Two contributions in the area of science policy conceptualize future-making practices in terms of their underlying epistemologies. Sean Low and Stefan Schäfer describe different kinds of “future making” in climate engineering approaches (Low and Schäfer 2019). The authors present an analysis of different approaches in climate engineering, based on methodological objectives, epistemologies and user communities. Some of these methods are characterized as deductive, whereby the future is derived from (present) probabilities; others are described as deliberative, whereby a future is conceived, which includes space for projection.

Alejandro Esguerra argues that objects matter in the construction of futures (Esguerra 2019). Instruments, databases and power point presentations perform a political task, whenever they provide consensual knowledge about the future that enables policymakers to design rules in the present. Future objects are also involved in creating futures. For example, Foresight Conferences deal with strategic planning for the future with the aim to pursue novel visions of sustainable futures in the Anthropocene (Hajer and Pelzer 2018). In considering differences between various objects, Alejandro Esguerra elaborates on the sociomaterial politics of anticipation, especially with regard to science policy interaction.

Two contributions engage with questions of how futures for the present and presents for the future are inevitably interconnected in the area of energy policy using the concrete example of energy transition practices. Noel Longhurst and Jason Chilvers map different energy transition visions and show how these visions emerge from multiple contexts beyond mere technical ideas and top-down dictates (Longhurst and Chilvers 2019). The authors argue that such transition visions, even if they appear purely technical, are always normative in promoting specific political and social orders.
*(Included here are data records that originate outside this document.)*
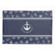 Estas capas náuticas personalizadas apresentam design marinho azul e branco com âncora, padrão de conchas e faixas para decoração de quartos de praia. Também é perfeito para decoração de iates e barcos. Digite seu nome de família e um ano usando o modelo.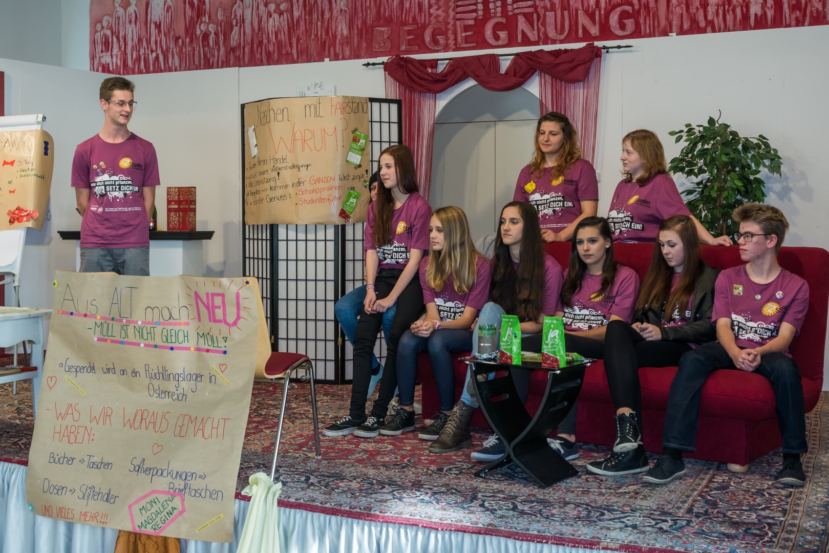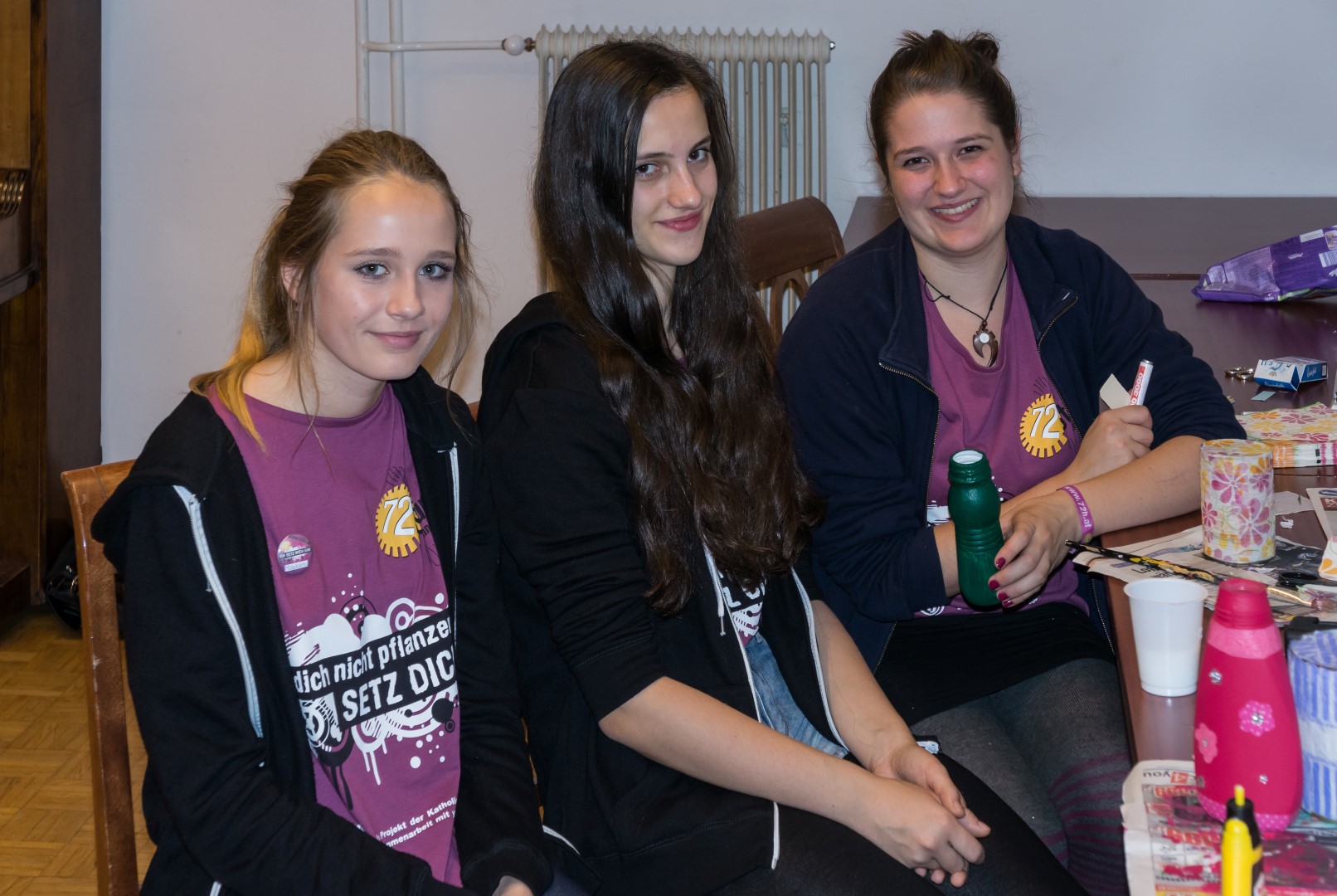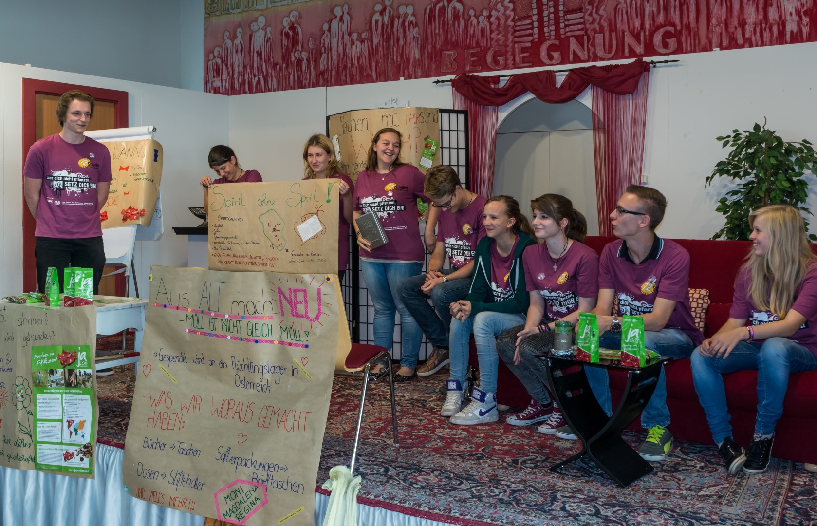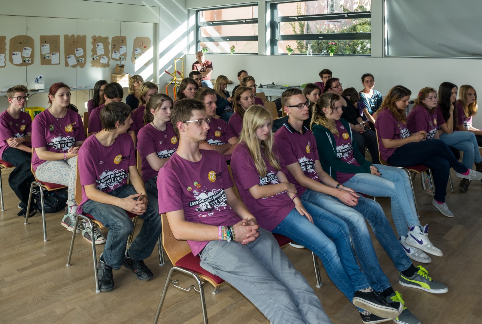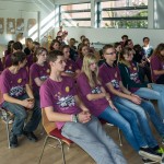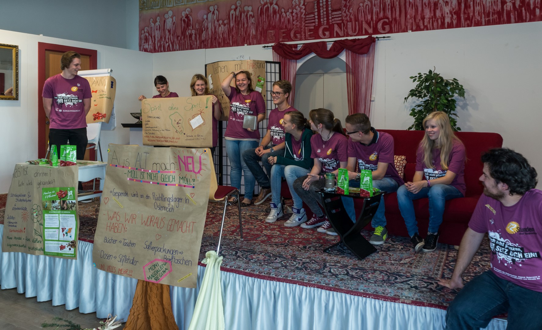 Jetzt erhalten alle die typischen 72 Stunden-Leiberl, diesmal in der Farbe Violett, dazu Stoffsackerl mit zum Sozialprojekt passenden Inhalt. Im Hintergrund sieht man an der Wand die Projektbeschreibungen (© Herr Mag. Bernhard Wagner).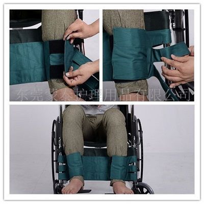 坐輪椅患者普遍存在身體功能障礙、易跌倒等情況,所以需要對(duì)小腿予以固定保護(hù)。使用小腿安全帶的時(shí)候先把安全帶粘合在輪椅上面,再對(duì)患者的小腿進(jìn)行固定??梢杂行П3肿喴蔚幕颊咄炔康墓潭ㄗ饔茫U匣颊叩陌踩?。

Martin David and Matthias Groß investigate processes of abandoning technologies (David and Gross 2019). They call these “exnovations”—the “flipside” or reverse of innovations and real-world experiments. Analysing different cases from the energy sector, David and Groß develop hypotheses of what might be a favourable circumstance for exnovation, for example, an event which is publicly perceived as catastrophic, like the Fukushima nuclear disaster. The authors point to a blind spot in the sustainability literature, which results from the overemphasis placed on innovation.

In the final section of our special feature, two contributions suggest categorizations of how future making is done in sustainability politics.

Basil Bornemann and Holger Strassheim distinguish different modes of governing time in sustainability politics and propose an analytical scheme of time governance (Bornemann and Strassheim 2019). They reconstruct how time becomes an important factor in sustainability practices: here the role of time can be distinguished, for example, with regard to planning instruments and transition implementation instruments; or time sequences can be looked at as determining factors for governance. These different temporal practices create diverse timescapes of sustainability.

Frank Adloff and Sighard Neckel analyse the sustainability discourse by looking at three possible trajectories of social change: ecological modernization, socio-ecological transformation, and control (Adloff and Neckel 2019). They relate these to imaginaries, practices, and structures, thereby creating a conceptual framework in which one can study new conflicts, inequalities and hierarchies in the sustainable development context.